All day long your brother eats and weeps, eats and weeps. The witch has a magic cupboard that never empties; she teaches you the words to open and lock it, so you may pull whatever she needs from its depths. And such fine delicacies the witch concocts for your brother: Beluga caviar served on little triangles of toast; large bowls of borscht with heavy dollops of sour cream; large yeasty pirozhki stuffed with sautéed cabbage or mashed potatoes (mixed with carefully diced green onions and dill) or chopped beef (sautéed with onions and eggs); pork kotlety served with sauerkraut and baked turnips. She tops blini with all kinds of fruit preserves: cranberry, raspberry, blueberry, blackberry, loganberry, huckleberry, mulberry, boysenberry, youngberry, olallieberry. Fried syrniki comes to him garnished with honey and applesauce. All day long he eats and eats and eats, crying all the while, and you are given nothing to eat but bread crusts and some beets left over from the borscht, which stain your teeth red.
At the end of each day, the sightless witch asks to feel your brother’s finger. She cannot see him to gauge how well he fattens, and she is wise not to reach into the cage. He offers a small bone he has found in the straw beneath him. She runs her own fingers along its smoothness, takes the tip of the bone into her mouth and runs her tongue around it. Not yet, she says, not yet.
Each night you undress the witch, and then yourself, and you crawl beneath the sheets with her. Her breath smells of ginger; her long hair moves across her back like honey; her skin is as white as sugar; and she tastes like wild strawberries, as warm and tart as summer, when you feast below.
The daily routine seems endless to you, although it is not entirely unpleasant. The witch keeps you warm if not full. You begin to wonder if you should tell the blind witch how your brother deceives her because his crying annoys you and he never offers to share any of his food with you.
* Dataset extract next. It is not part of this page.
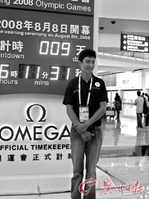 华天在香港的奥运倒计时牌下留影。特派记者 张顺亭 摄

Instead, you stop telling him that all will be well.
At last, and long in coming, the witch decides that as skinny as your brother remains he will still be eaten. She has a large oven, large enough to fit two snugly enough and bake them through and through. You understand what she has planned for you now, and somehow you are not surprised to find yourself shoving her into the oven and locking the door. You saved yourself, and your brother, but it has not made you happy, it has not given you joy. You run outside to escape her screams, which do not last long. The wind is cold and damp and you feel it seep into your bones, eating up the warmth the witch left behind.
You eat the witch in many ways, with sour cream and dill, with apricot compote, with sliced turnips and parsnips sprinkled with rosemary. You feed some of the witch to your brother, whom you’ve left in the cage and who continues to cry every day. He has grown quite fat, and there is nothing, after all, wrong with your eyesight.